Nowadays, I am learning hands on with ELK stack, so I thought of writing this article for my understanding and also for people who are trying to do the same.
Hope to see you with constructive thoughts in comments!
Let’s install it quickly (Mac-os):
$ brew tap caskroom/cask
$ brew install brew-cask
$ brew cask install java
Install Elasticsearch, Logstash and Kibana
$ brew install elasticsearch
$ brew install kibana
$ brew install logstash
ElasticSearch can be used both as a search engine as well as a data store.
Every record that must be stored in ElasticSearch must be a JSON object.
Our main data container is called index (plural indices) and it can be considered as a database in the traditional SQL world.
In an index, the data is grouped into data types called mappings in ElasticSearch. A mapping describes how the records are composed (fields).
Every instance of ElasticSearch is called a node and several nodes make a cluster.
what happens when a node starts?
The configuration is read from the environment variables and the elasticsearch.yml configuration file.
A node name is set by the configuration file or is chosen from a list of built-in random names.
Internally, the ElasticSearch engine initializes all the modules and plugins that are available in the current installation.
A lot of required services are automatically started, such as:
- Cluster services, Indexing Service, Mapping Service, Network Services, Plugin Service, River Service, Language Scripting Services.
There are two important behaviors in an ElasticSearch node:
The non-data node (or arbiter):
Process REST responses and all other operations of search. They are responsible for distributing the actions to the underlying shards (map) and collecting/aggregating the shard results (redux) to be able to send a final response.
The data container behavior:
Store data in them. They contain the indices shards that store the indexed documents as Lucene (internal ElasticSearch engine) indices.
The following schema compares ElasticSearch with SQL and MongoDB:
Solving the yellow status…
Mainly, yellow status is due to some shards that are not allocated.
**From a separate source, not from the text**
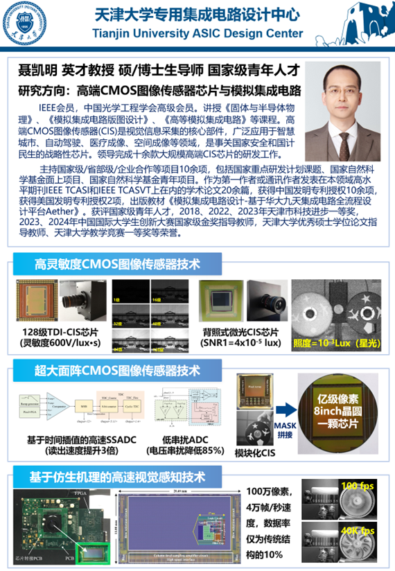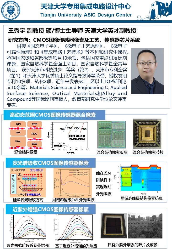 图像传感器芯片设计、传感器像素及工艺、感算一体化技术、成像与智能视觉系统等。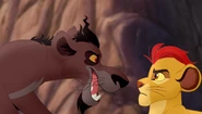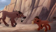 Gdy Jasiri zbliżyła się do wodopoju przejętego przez lwy, Nuka atakuje ją, mówiąc jej, by trzymała się z daleka od tego miejsca, lecz Kion odpiera jego atak, by chronić hienę, czym przyciąga uwagę młodszego brata Nuki, Kovu. Widząc swojego brata, Nuka oświadcza, że teraz mają przewagę liczebną nad Kionem, lecz Jasiri podchodzi do Kiona i odpowiada, że siły są wyrównane.

If your cluster is in the recovery status (meaning that it’s starting up and checking the shards before they are online), you need to wait until the shards’ startup process ends
Solving the red status…
This means you are experiencing lost data, the cause of which is that one or more shards are missing. To fix this, you need to try to restore the node(s) that are missing.
Most of the visualization technology handles the analytical processing, whereas Kibana is just a web application that renders analytical processing done by Elasticsearch. It doesn’t load data from Elasticsearch and then process it, but leverages the power of Elasticsearch to do all the heavy lifting. This basically allows real-time visualization at scale.
This will work as the base of your visuals you are willing to generate. It’s a Json file for your visualizations (config file for creating Kibana dashboard)
As by name, this is for specifying the index patter.
Logstash is basically a data collector who holds the data and later starts ingesting data of interest into Elasticsearch when required.
The design of .conf file for logstash is crucial for getting visualization of desire.